Так не шутят. Рассудок противился. Чтоб Ветер, живая плоть воинского начала, не совладал со скоростью на раскате? Барахтался в снегу, как последний смертный? Может, даже расшибся?..
Слишком страшно. Слишком противно устоям каждодневного мира.
— Шевелись! — чужим голосом крикнул державец робушам.
Они выскочили к повороту, когда вниз уже сбросили ужища и шестёрка парней, съехав на животах вдоль проломленного следа, добралась к Ветру.
— Хорош лапать, не девка! — отбивался великий котляр, больше всех раздражённый глупой оплошкой. — Без вас поднимусь! Лучше беглеца настигайте!
Отвергая помощь, хватался за корни, верёвки, расщепы стволов, пядь за пядью одолевая скользкую кручу. Лыкаш боком спускался в седловину раската, обмирая на каждом шагу. Может, зряшную тревогу кто-то пустил? Вот сейчас источник выберется на дорогу, стряхнёт снег, ещё яростней возглавит погоню… Тут бросилось в глаза: подтягиваясь наверх, он гнушался упираться ногами.
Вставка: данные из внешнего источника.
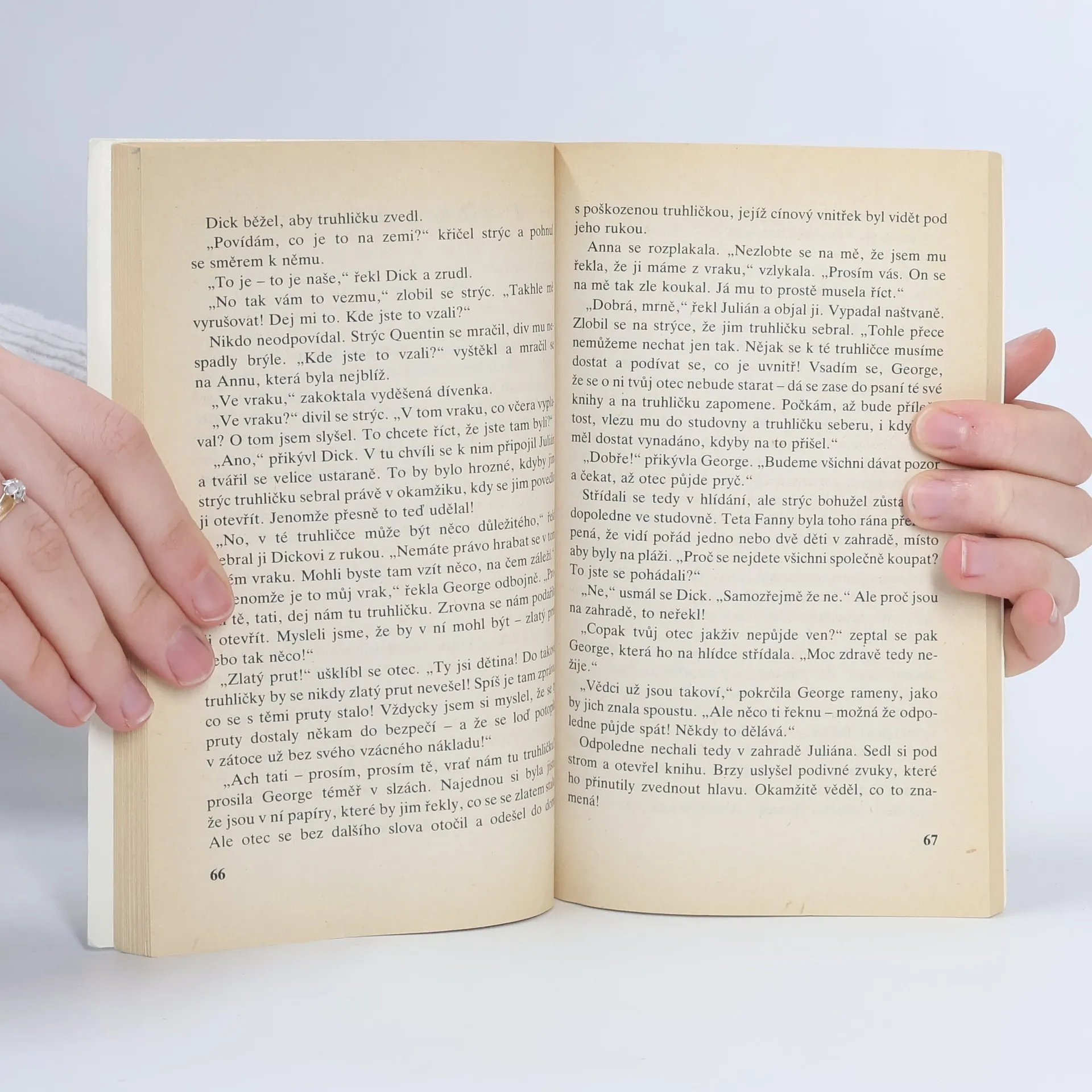 Správná pětka, to jsou ve skutečnosti čtyři a pes! Julián, Dick, George, Anna a pes Tim.Taky byste si přáli mít vlastní ostrov, který by byl jen a jen váš? A zažít takové dobrodružství jako správná pětka? Plavili byste se po moři, přespávali v bouři ve zřícenině starého hradu a prozkoumali potopený vrak! A jak má takové správné dobrodružství skončit? Přece honbou za pokladem!

— Лыжи утерял, достаньте мне их!
Ученики послушно нырнули глубже в обрыв, где мрела глухая предутренняя тьма.
Лихарь ждал, распластавшись у края, тянулся навстречу. Наконец Ветер сгрёб его руку, с силой, едва не утянув самого стеня, выметнул себя вверх…
Упёрся ладонями — немедля вскочить!
Руки разъехались. Ветер вздрогнул, поник, остался лежать.
Лихарь, стоя на коленях, склонился над ним:
— Отец…
— Оставь, — сказал Ветер. — Ушибся я малость. Погодь, встану сейчас.
Его левая рука скользила, искала опору, правая лежала поленом. Лыкашу хватило взгляда на лицо Лихаря, ставшее одной корчей ужаса и отчаяния.
"Нет! Нет! Всё не наяву. Не может быть наяву…"
Державец стащил рукавицу, закусил палец. Проснуться не удавалось.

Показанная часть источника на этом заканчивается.